### RECORDS FOR THE TASK:

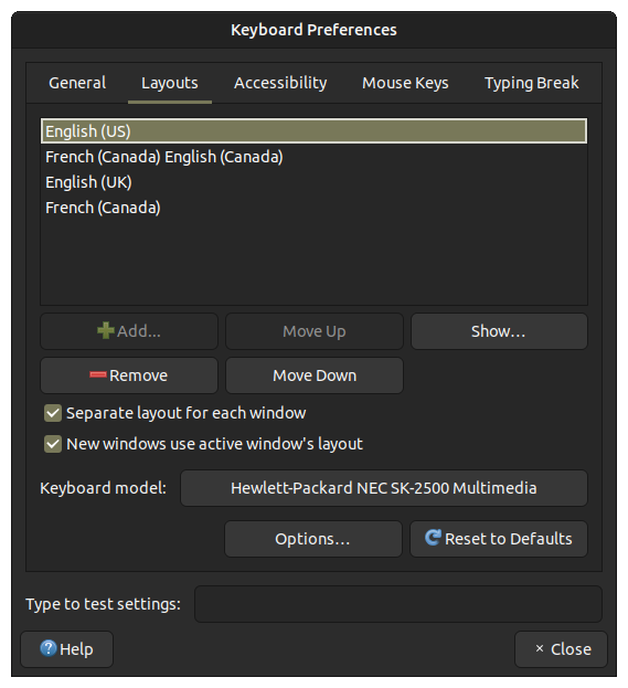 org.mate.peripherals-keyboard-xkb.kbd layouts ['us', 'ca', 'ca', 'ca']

--

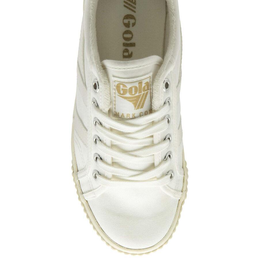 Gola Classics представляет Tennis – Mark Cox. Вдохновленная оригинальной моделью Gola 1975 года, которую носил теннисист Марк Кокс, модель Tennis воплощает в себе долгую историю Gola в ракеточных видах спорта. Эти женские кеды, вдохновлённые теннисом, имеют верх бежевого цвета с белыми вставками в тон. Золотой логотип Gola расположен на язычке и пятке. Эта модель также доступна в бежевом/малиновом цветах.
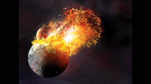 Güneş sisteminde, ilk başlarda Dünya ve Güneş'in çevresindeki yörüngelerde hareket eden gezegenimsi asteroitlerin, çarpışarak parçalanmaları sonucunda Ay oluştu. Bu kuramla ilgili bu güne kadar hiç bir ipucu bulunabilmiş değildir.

### TASK GOAL:
All that should appear in the answer is the lines above from the line with "Gola Classics представляет" through the line with "Güneş sisteminde, ilk", retyped exactly, pictures left out.

### OUTPUT BELOW:
 Gola Classics представляет Tennis – Mark Cox. Вдохновленная оригинальной моделью Gola 1975 года, которую носил теннисист Марк Кокс, модель Tennis воплощает в себе долгую историю Gola в ракеточных видах спорта. Эти женские кеды, вдохновлённые теннисом, имеют верх бежевого цвета с белыми вставками в тон. Золотой логотип Gola расположен на язычке и пятке. Эта модель также доступна в бежевом/малиновом цветах.
 Güneş sisteminde, ilk başlarda Dünya ve Güneş'in çevresindeki yörüngelerde hareket eden gezegenimsi asteroitlerin, çarpışarak parçalanmaları sonucunda Ay oluştu. Bu kuramla ilgili bu güne kadar hiç bir ipucu bulunabilmiş değildir.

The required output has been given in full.